What you are asked to do: Leave the pictures aside and give back every entry below word for word.

Source data:

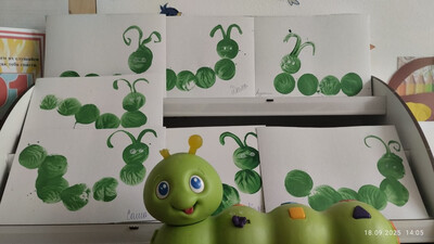 В группу «Звёздочки» к малышам пришла грустная гусеница Алёна. Она была очень расстроена, ведь у нее не было друзей. Воспитатель предложила ребятам нарисовать друзей для Алёны. Ребята рисовали гусениц, состоящих из нескольких частей округлой формы с помощью крышки методом печатания. «Посмотри гусеница, сколько у тебя теперь новых друзей!» Гусеница обрадовалась и поблагодарила ребят за помощь.
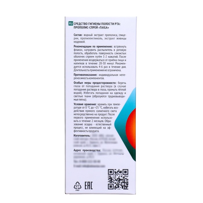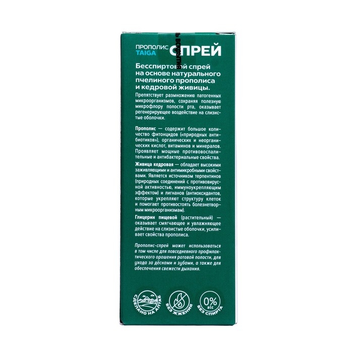 Состав: водный экстракт прополиса, пропиленгликоль, глицерин, экстракт живицы кедровой.
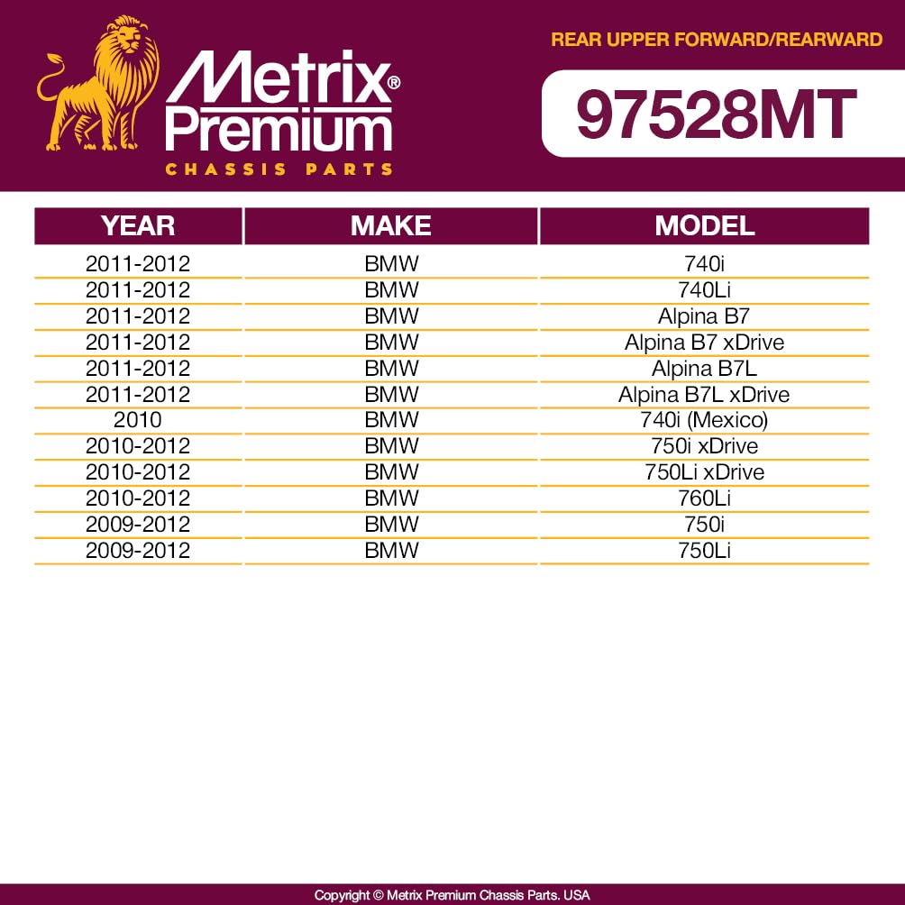 Metrix Premium Chassis Parts - 4 Pc L/R Rear Upper Forward & Rearward Control Arm Kit Fits 11-12 Bmw 740I, 11-12 740Li, 11-12 Al
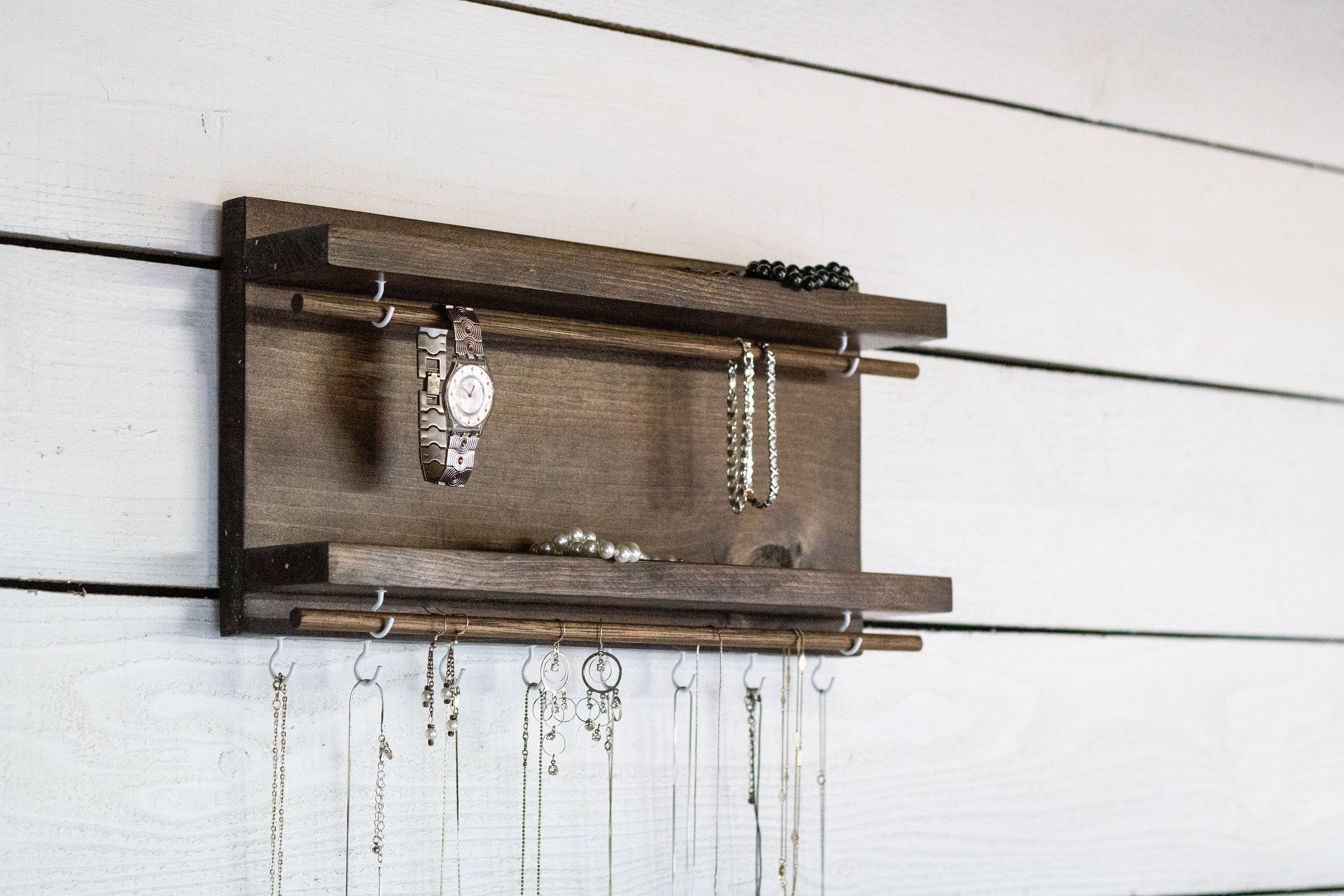 Please note that no jewelry is included with the purchase of the Jewelry Holder with Two Shelves. The natural variations in wood products, including color differences and minor imperfections, are part of what makes each piece unique. We encourage you to embrace these characteristics as they contribute to the overall beauty of your jewelry holder.
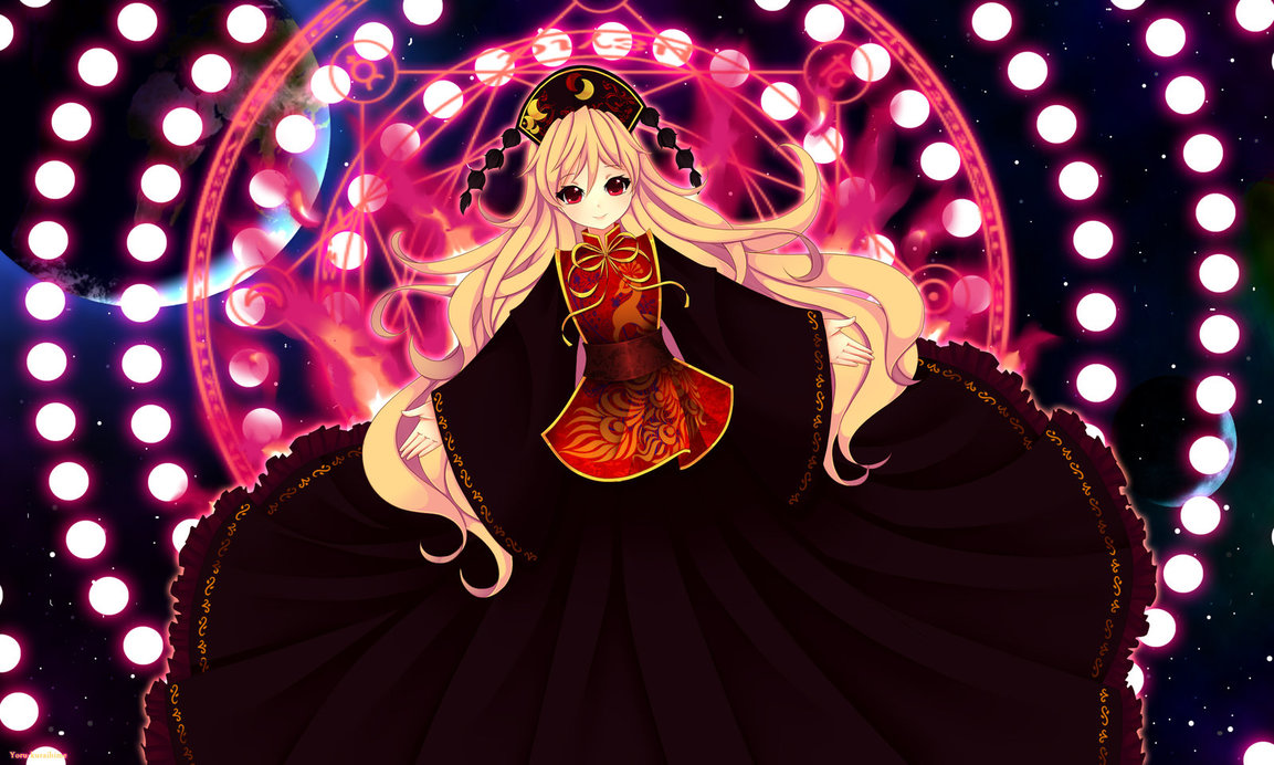 Description: A woman in a black dress with a red and yellow hat and a black dress with a red and white design.
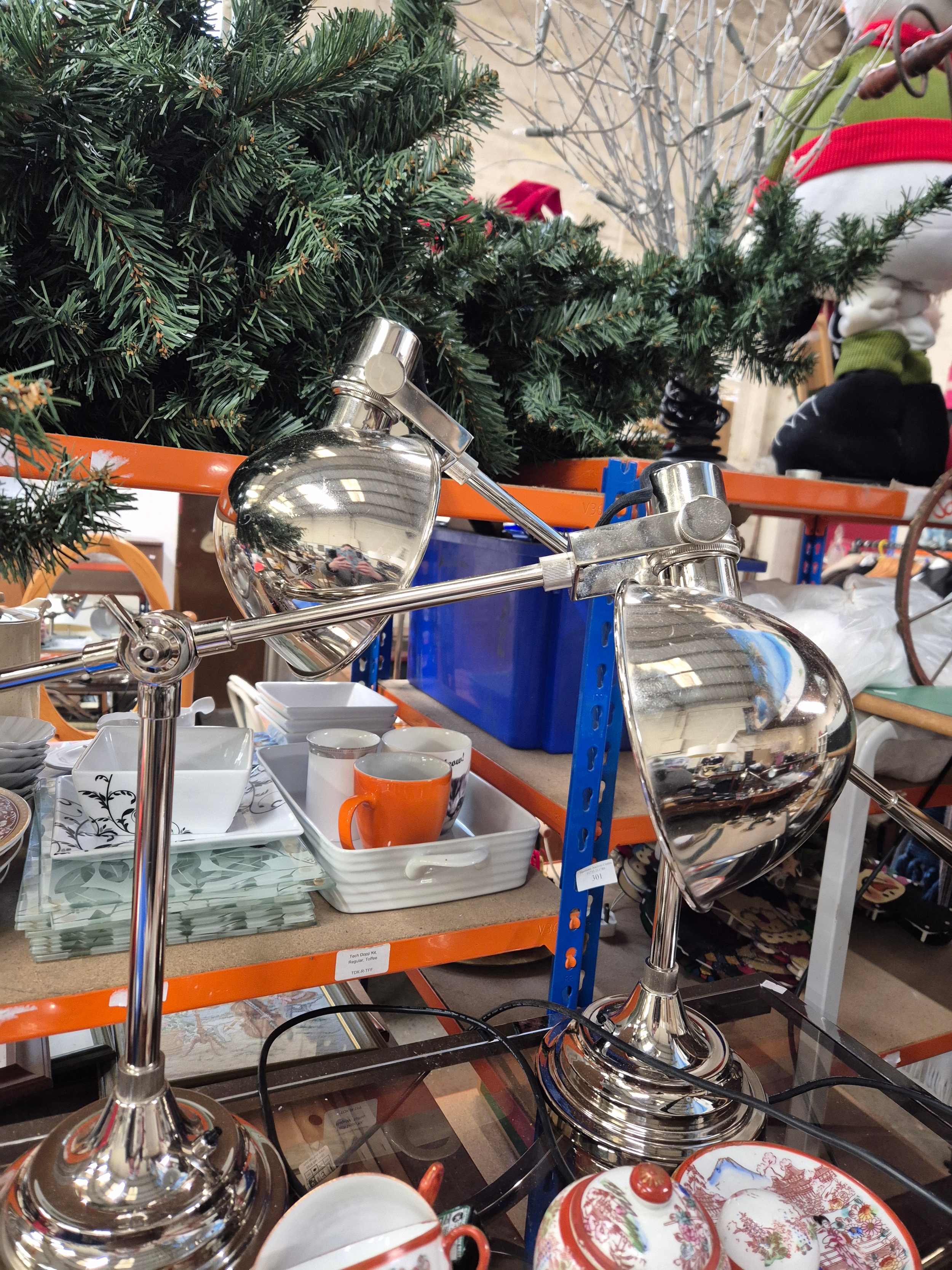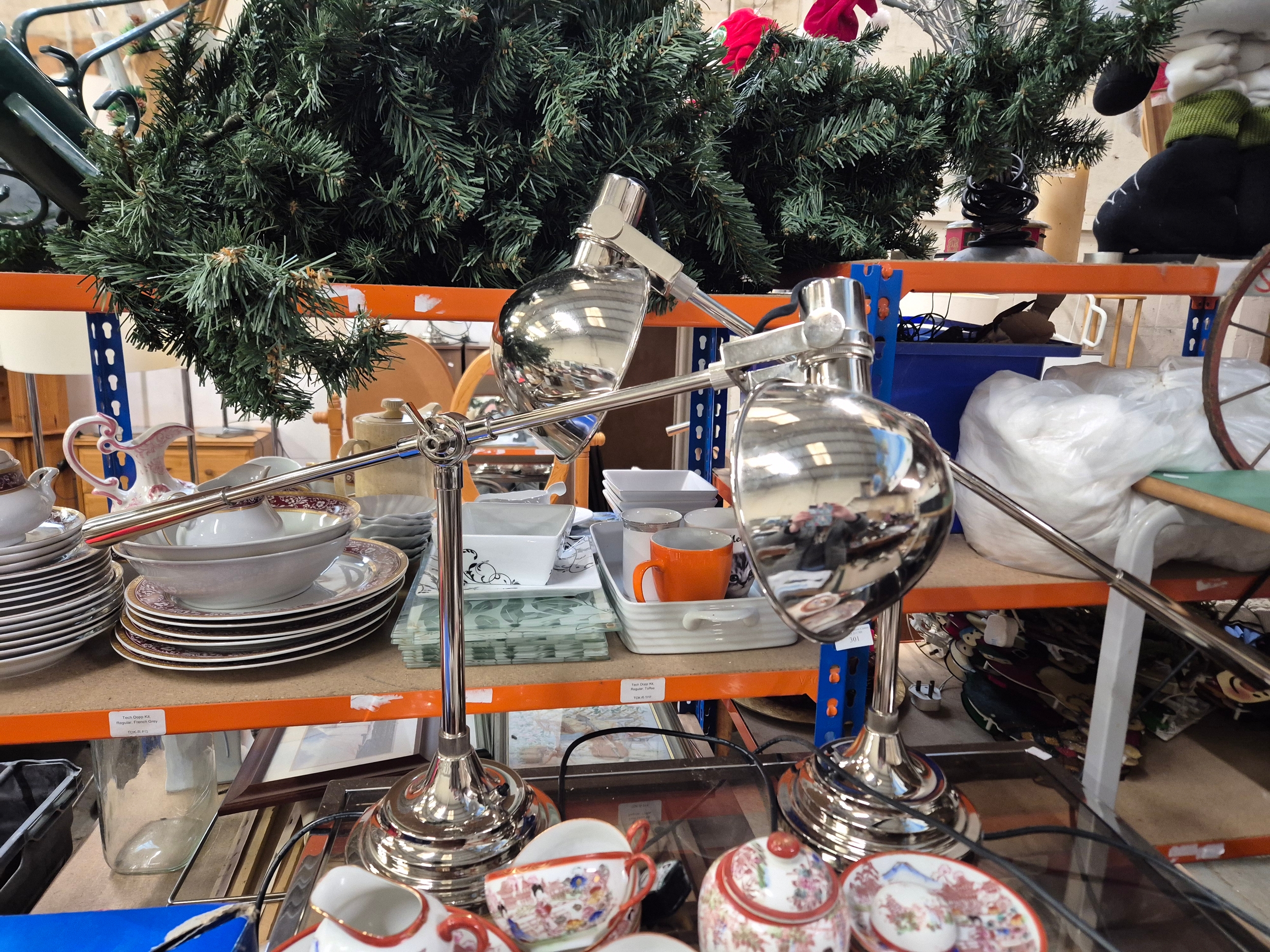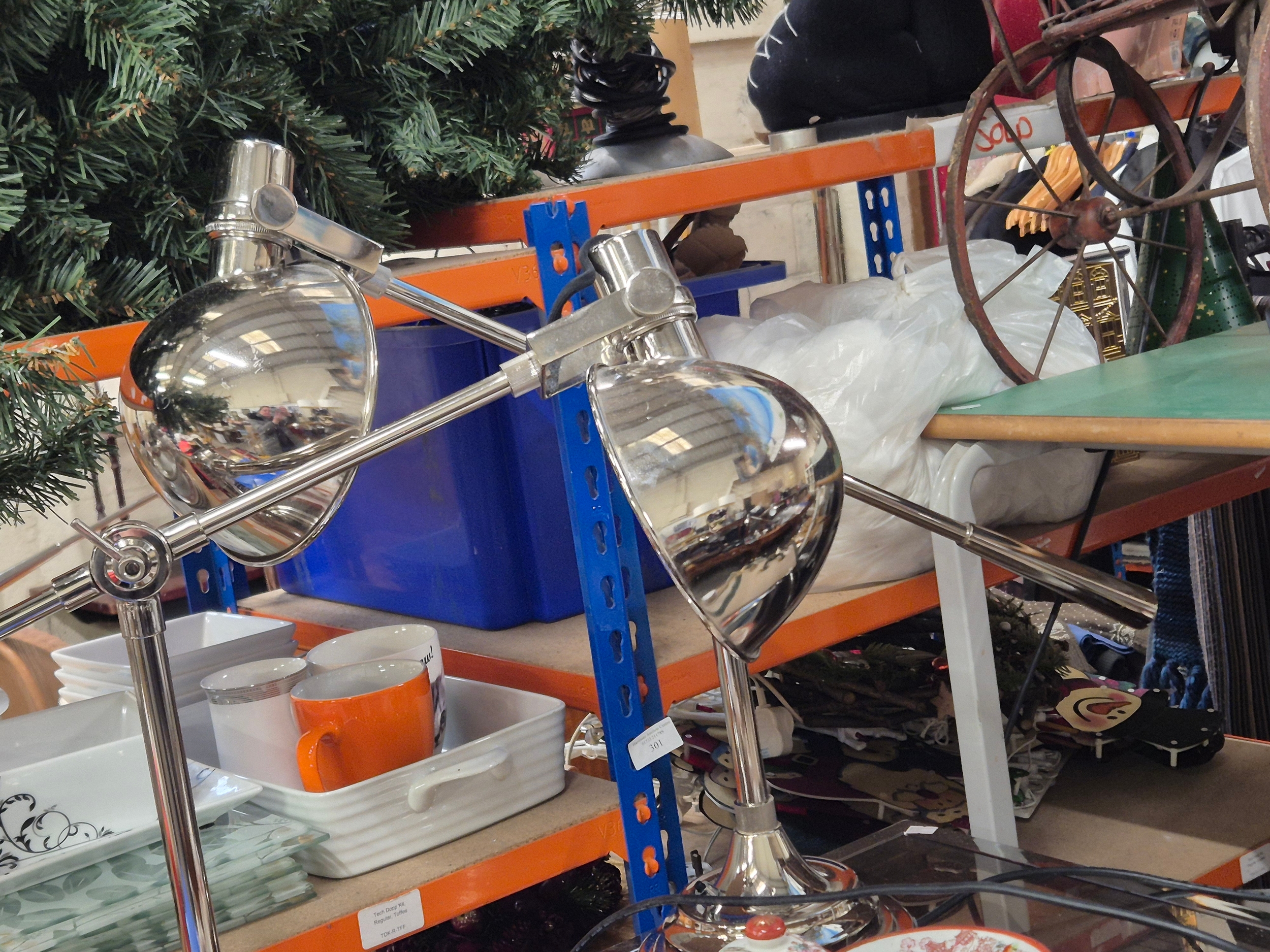 Pair of chrome angled desk lamps

Answer for the task:
 В группу «Звёздочки» к малышам пришла грустная гусеница Алёна. Она была очень расстроена, ведь у нее не было друзей. Воспитатель предложила ребятам нарисовать друзей для Алёны. Ребята рисовали гусениц, состоящих из нескольких частей округлой формы с помощью крышки методом печатания. «Посмотри гусеница, сколько у тебя теперь новых друзей!» Гусеница обрадовалась и поблагодарила ребят за помощь.
 Состав: водный экстракт прополиса, пропиленгликоль, глицерин, экстракт живицы кедровой.
 Metrix Premium Chassis Parts - 4 Pc L/R Rear Upper Forward & Rearward Control Arm Kit Fits 11-12 Bmw 740I, 11-12 740Li, 11-12 Al
 Please note that no jewelry is included with the purchase of the Jewelry Holder with Two Shelves. The natural variations in wood products, including color differences and minor imperfections, are part of what makes each piece unique. We encourage you to embrace these characteristics as they contribute to the overall beauty of your jewelry holder.
 Description: A woman in a black dress with a red and yellow hat and a black dress with a red and white design.
 Pair of chrome angled desk lamps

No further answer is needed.